In force since the outset of the Gulf War in 1991, the ban was triggered by an incident in the aftermath of the invasion of Panama ordered by President George H. W. Bush in December 1989. According to the New York Times’s Elisabeth Bumiller:
In 1989, the television networks showed split-screen images of Mr. Bush sparring and joking with reporters on one side and a military honor guard unloading coffins from a military action that he had ordered in Panama on the other.Mr. Bush, a World War II veteran, was caught unaware and subsequently asked the networks to warn the White House when they planned to use split screens. The networks declined.

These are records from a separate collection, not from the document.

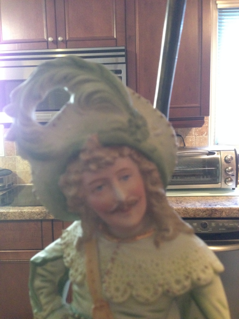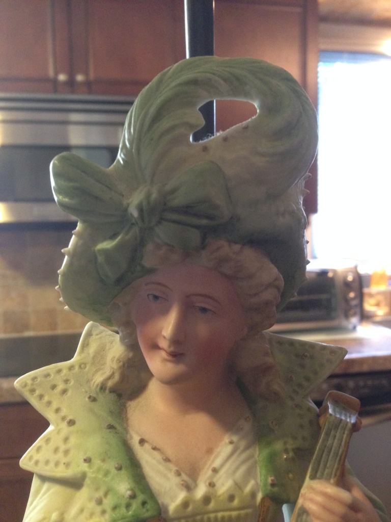 Antique lamps, Victorian era Bisque porcelain figurines that depict a 17th Century era royal couple! The woman is playing a mandolin and the man has a regal hat complete with a large plume feather! Major colour is light green Some cracking on one of the hats. These were my grandmothers who was born in the late 1800s. They had been in the family for decades. She was well travelled. I have seent he same statutes not mounted on a lamp base, so do not know if they were originally made for the light, or mounted after the fact, These were at the following site. http://www.worthpoint.com/worthopedia/victorian-era-17th-century-man-and-woman-bisque
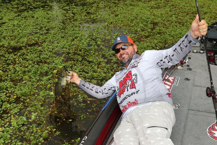 Hackney says his No. 1 pocket-hopping bait is a Strike King KVD Sexy Frog (no pun intended), but he’s also going to keep a KVD 1.5 squarebill and a Strike King Thunder Cricket bladed jig handy. Swimming a Hack Attack swim jig also delivers this time of year, as does flipping a Strike King Shimmy Stick with a light sinker.
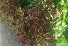 五彩苏 Benth.),是唇形科鞘蕊花属草本植物。五彩苏的茎通常紫色,四棱形,具分枝;叶膜质,通常卵圆形,边缘具圆齿状锯齿或圆齿,色泽多样,有黄、暗红、紫色及绿色;叶柄伸长,…全部>>
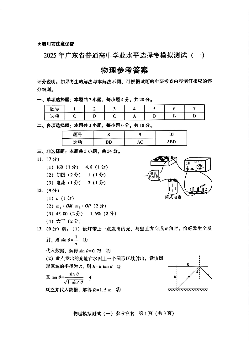 广东省2024-2025学年下学期高三高考模拟测试(一模)物理答案
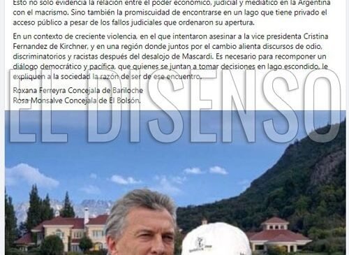 La causa del viaje a Lago Escondido tuvo su inicio el 14 de octubre de 2022 cuando la concejal Roxana Ferreyra, quién en su Facebook aparece militando junto al Ministro Soria, manifestó su preocupación por las “versiones” que referían la presencia de jueces federales, referentes políticos de JxC y empresarios mediáticos en la residencia de Joe Lewis en Lago Escondido.

At the next opportunity, in February 1991 during the Persian Gulf war, the Pentagon banned photos of returning coffins.
Writing in the American Journalism Review, Jamie McIntyre, a former CNN senior Pentagon correspondent, makes clear that the president was unaware that while he was conducting his press conference, “the first casualties of the assault were arriving at Dover, and several television networks (ABC, CBS and CNN) had switched to a split-screen image, juxtaposing the jocular president against the grim reality of the invasion he ordered.” McIntyre then writes ruefully: “It was the beginning of the end not just of live coverage, but of any photography or media coverage of war dead returning to the United States.”